INPUT:
----
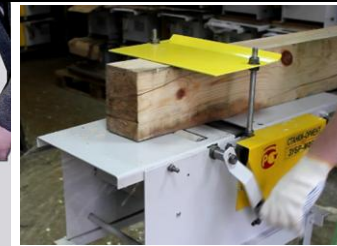
Рейсмусование с механической подачей
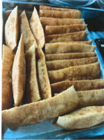
Lanche da Tarde Especial Dia dos Pais com Entrega de Presentes
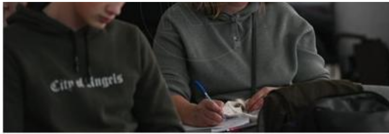
Záujem o štúdium na jednotlivých vysokých školách rastie aj v metropole východu (ilustračná fotografia)

Univerzita veterinárskeho lekárstva a farmácie (UVLF) v Košiciach má takmer identický počet podaných prihlášok ako vlani, čo nám potvrdila jej hovorkyňa Zuzana Bobriková:
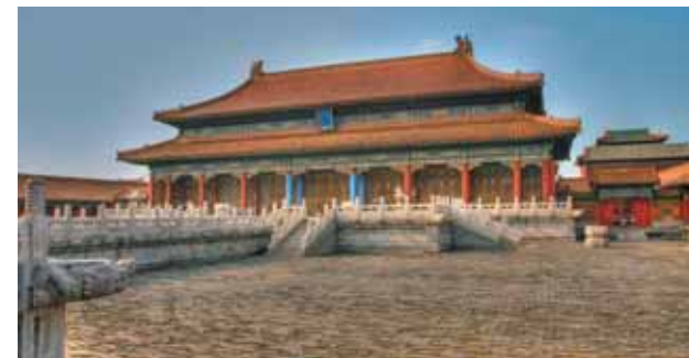
Beijing: Ciudad Prohibida

Tang Palace. Por la tarde, visita a la Mezquita Musulmana y paseo por el barrio. Cena amenizada con un espectáculo de la dinastía Tang. Alojamiento.
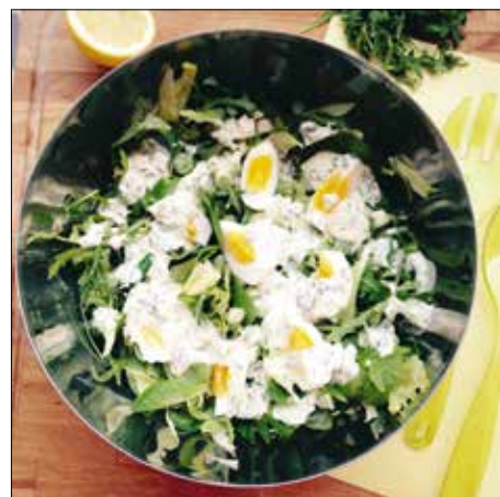
Kiadós saláta reggelire, ebédhez

hözvalóval együtt tegyük shakerbe (vagy egy lezáráható befőttesüvegbe). Alaposan rázzuk össze, majd – közvetlenül tálalás előtt – öntsük a salátára. Vágjuk nagyjából hasonló méretűre a salátaleveleket, és jól keverjük össze. Tegyük egy nagy tálba, szórjuk meg a négyrészt vágott kemény tojással, és locsoljuk meg a vinaigrette-vel.
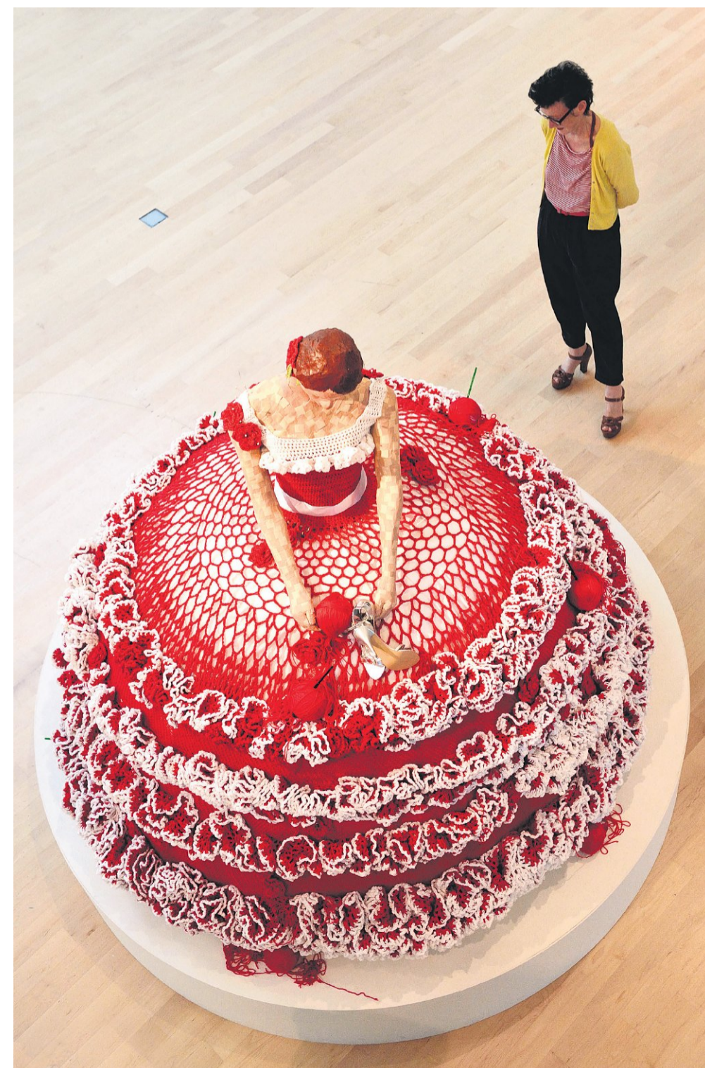
Pepón Osorio: Drowned in a Glass of Water', 2010, installatie (detail)
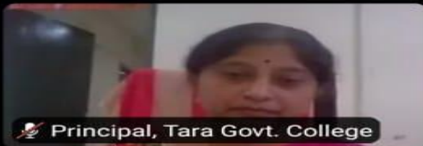
Principal, Tara Govt. College
----
YOUR ASSIGNMENT: Set the pictures aside and transcribe exactly the stretch of lines above, beginning with the one holding "Lanche da Tarde" and ending with the one holding "Kiadós saláta reggelire, ebédhez".

EXERCISE SOLUTION:
Lanche da Tarde Especial Dia dos Pais com Entrega de Presentes
Záujem o štúdium na jednotlivých vysokých školách rastie aj v metropole východu (ilustračná fotografia)

Univerzita veterinárskeho lekárstva a farmácie (UVLF) v Košiciach má takmer identický počet podaných prihlášok ako vlani, čo nám potvrdila jej hovorkyňa Zuzana Bobriková:
Beijing: Ciudad Prohibida

Tang Palace. Por la tarde, visita a la Mezquita Musulmana y paseo por el barrio. Cena amenizada con un espectáculo de la dinastía Tang. Alojamiento.
Kiadós saláta reggelire, ebédhez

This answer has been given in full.